Quiet Government U-turn provides boost to Independent PCC by-election candidates…

… and the marketing opportunity of a lifetime for Brummie Dentists, if they’re quick.

Last Thursday, in the Ninth Delegated Legislation Committee of the House of Commons, the Government performed a U-turn on Police and Crime Commissioners that, by-and-large, has not been noticed. Most attention has focussed on the possible £3.7 million cost of the PCC by-election in the West Midlands, or in the chuntering from the House against those electors who had the temerity to ensure the election was held with the mind-boggling speed that had been insisted upon by….er, the House of Commons, when they passed the laws only 3 years ago.

Apart from a passing mention by Alan Travis in the Guardian however, there has been no attention paid to the fact the government were using the Committee to rush through emergency legislation to change the rules for the election so that candidates will have the opportunity to have their election addresses distributed by the Returning Officer to each household in the West Midlands in a booklet largely paid for by the taxpayer.

Brand-spanking-new Police Minister Mike Penning  admitted that, inexplicably, the legislation had failed to make any provision for publishing information about candidates, and this would be remedied with about £700,000 from the Home Office budget and about £250 from each of the candidates, though their individual bill could go as high as £1,000 (though you would never work this out from the emergency legislation itself).

Getting a message printed and delivered to just shy of 2 million electors for 250 quid is  about as good value as you can get – a fact not lost on Sir Bob Russell, Lib-Dem MP for Colchester, who said “before I became a Member of Parliament, we had a candidate standing in a general election, a local dentist, who was the smile candidate. I can see now hundreds of thousands of people across the west midlands having a candidate from whatever organisation, trade or whatever getting a free plug courtesy of the Home Office paying for free distribution to every household.

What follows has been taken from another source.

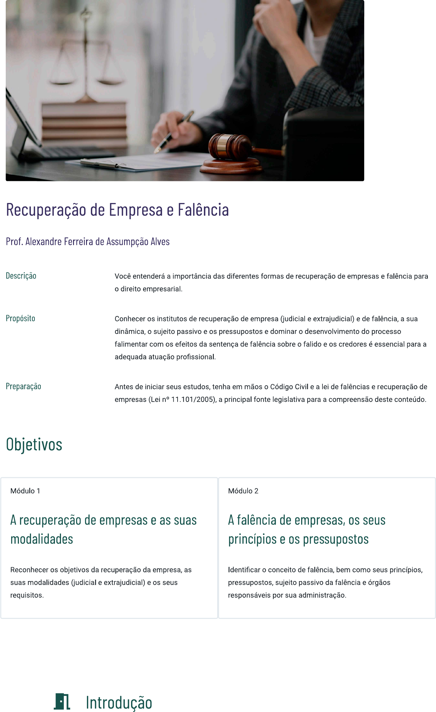 <p>Recuperação de Empresa e Falência Prof. Alexandre Ferreira de Assumpção Alves Descrição Você entenderá a importância das diferentes formas de recuperação de empresas e falência para o direito empresarial. Propósito Conhecer os institutos de recuperação de empresa (judicial e extrajudicial) e de falência, a sua dinâmica, o sujeito passivo e os pressupostos e dominar o desenvolvimento do processo falimentar com os efeitos da sentença de falência sobre o falido e os credores é essencial para a adequada atuação profissional. Preparação Antes de iniciar seus estudos, tenha em mãos o Código Civil e a lei de falências e recuperação de empresas (Lei n° 11.101/2005), a principal fonte legislativa para a compreensão deste conteúdo. Objetivos Módulo 1 Módulo 2 A recuperação de empresas e as suas A falência de empresas, seus modalidades princípios e pressupostos Reconhecer os objetivos da recuperação da empresa, as Identificar o conceito de falência, bem como seus princípios, suas modalidades (judicial e extrajudicial) e os seus pressupostos, sujeito passivo da falência e órgãos requisitos. responsáveis por sua administração. Introdução</p><p>Neste conteúdo, você vai compreender os objetivos e as modalidades de recuperação empresarial a partir do conhecimento de requisitos subjetivos e objetivos para o pedido, o papel dos credores na aprovação do plano de recuperação e as peculiaridades do plano especial para micro e pequenas empresas A recuperação é reservada a empresários registrados, permitindo a renegociação de dívidas para evitar a falência. Existem dois tipos dela: a judicial, em que o devedor apresenta um plano aos credores, e a extrajudicial, em que não há processo judicial. Abordaremos os conceitos de falência, sujeitos envolvidos, administração, classificação de créditos e procedimento falimentar. É importante saber que a Lei n° 11.101/2005 proíbe o falido de retomar suas atividades durante o processo, priorizando a venda dos bens para pagar aos credores. Apesar de o legislador visar à manutenção da empresa na recuperação, a decisão final caberá aos credores e ao juiz. Material para download Clique no botão abaixo para fazer o download do conteúdo completo em formato Download material 1 - A recuperação de empresas e as suas modalidades Ao final deste módulo, você será capaz de reconhecer os objetivos da recuperação da empresa, as suas modalidades (judicial e extrajudicial) e os seus requisitos.</p><p>Objetivos e requisitos para 0 pedido de recuperação judicial Dos objetivos Toda recuperação tem como principal objetivo evitar a decretação da falência, que pode ser iminente, devido à grave situação financeira pela qual o devedor passa no momento do pedido. Historicamente, desde o Código Comercial, de 1850, até o Decreto-lei 7.661/1945 (isto é, a lei de falências anterior à Lei n° 11.101/2005), o comerciante podia propor a seus credores um prazo maior para pagar suas dívidas com ou sem abatimento e sem apresentar um plano de recuperação. Tratava-se de uma simples moratória ou concordata, que, além de ter um limite máximo para o pagamento (três ou dois anos), só atingia os credores quirografários, ou seja, aqueles sem preferência ou privilégio no recebimento do crédito. Atualmente, a Lei 11.101/2005 disciplina tanto o instituto da falência como a recuperação de empresas, e seu artigo 47 dispõe: A recuperação judicial tem por objetivo viabilizar a superação da situação de crise econômico-financeira do devedor, a fim de permitir a manutenção da fonte produtora, do emprego dos trabalhadores e dos interesses dos credores, promovendo, assim, a preservação da empresa, sua função social e o estímulo à atividade econômica. artigo traz cinco princípios a serem observados na condução de todo o processo de recuperação judicial, de forma que os órgãos da recuperação e os credores possam dar apoio à empresa com reais chances de recuperação, harmonizando e tutelando os interesses da coletividade, sem de vista os princípios fundamentais. Acompanhe cada um deles a seguir. Superação da crise o primeiro princípio revela que a medida para a reorganização do empresário é importante. Veremos a necessidade de comprovar na petição de recuperação a deterioração da situação patrimonial do devedor em curto ou médio prazo, por meio de documentos Embora o artigo 47 não mencione o termo falência, deduzimos que a situação de crise do devedor pode levá-lo a isso, pois, se o plano for rejeitado pelos credores, o administrador judicial submeterá, no ato, à votação da assembleia-geral de credores a Empresária analisando documentação e fazendo cálculos. concessão de prazo de 30 dias para que o plano de recuperação judicial seja</p><p>apresentado pelos credores do art. 56 da Lei n° 11.101/2005). Manutenção da fonte produtora o segundo princípio diz respeito à manutenção da fonte produtora, que é a empresa em si. Também há uma relação indireta com a falência, pois, nesse instituto, o estabelecimento é lacrado e a empresa sofre liquidação do seu patrimônio. Com a recuperação, evita-se a liquidação, e a empresa mantém sua atividade regular. Emprego dos trabalhadores terceiro princípio implica o seguinte: se a empresa é a organização dos fatores de produção pelo empresário (e, entre eles, estão compreendidos o capital e a mão de obra), é natural que a continuidade da companhia também mantenha os empregos, porém, sem Empresário conversando com funcionários em nenhuma garantia ou punição para o depósito. empresário que demitir. A ressalva de que o empresário não terá nenhuma garantia ou punição é extremamente importante, porque a leitura do artigo 47 pode dar a impressão de que a recuperação asseguraria a estabilidade no emprego, quando não, pois os empregados podem ser atingidos com a medida, tanto

Except, until you read it here, you probably didn’t know about the opportunity, and anyone who wants to take advantage of it needs to get £5,000 in cleared funds and 100 voters to sign their nomination papers by 4pm on Friday, a task that people outside of political parties might find difficult.

The Minister was happy to admit the sort of guilt one can admit to when one is in the first few days of a new job and it is painfully obvious it was someone else’s fault. Apparently, in fact everybody else’s fault. It hadn’t been raised at the Second Reading, in the Committee or Report stages of the Bill or the Third Reading, or in its journey through the House of Lords. The Government hadn’t seen the problem. The Opposition hadn’t. No-one had worked out that in giving the electorate the job of deciding between some candidates elected over vast policing areas it would be nice if they had the faintest bit of information about those candidates, except for their favourite colour.

I am in no position to contradict the Minister. No doubt he has faithfully been advised by his Civil Servants, but he, or they, might well have added that pretty much as soon as the law was passed, just about everybody began banging on his boss’s door about this very evident defect, and nothing was done about it.

In January 2012 the Chief Executive of the Electoral Commission mentioned the problem.

Early in February 2012 the Chief Executive of the Association of Electoral Administrators was going on about it.

In March of 2012 the Shadow Justice Minister was asking The Home Secretary questions in the House on the matter.

Throughout the election here at TopOfTheCops we went on about it quite a bit, especially as the Electoral Commission went to the expense of distributing a booklet to every household explaining the election, but saying nothing about the candidates! This culminated in an attempt in September of 2012 to decode the signals emanating from a recently departed Police Minister about a lack of support in high places for radicalism in police reform, but none of this was mentioned last Thursday. Instead, a one-by-election-only change was made to the rules, to test to see whether it has a positive effect on turnout.

While pleased at this long-overdue victory, I wonder why it is done in such a hurry, when 2012 offered ample opportunity for this to happen at a more leisurely pace, and who in Government it was who compromised the entire PCC reform by blocking it from happening in the first place. It is as incomprehensible to me as the recent departure of Michael Gove, and the continued tenure of Theresa May.

The PCC elections nationally resulted in big wins by Independents, and the West Midlands PCC by-election will feature a candidate booklet for voters that overcomes a major barrier to Independents campaigning on anything like an even footing, but it has all been kept so quiet that no-one might notice, not even the dentists in Birmingham, and it is possible that only the political parties who made the change, and who are worried about not having enough troops on the ground in the summer holidays to get their own messages out, will feel the benefit.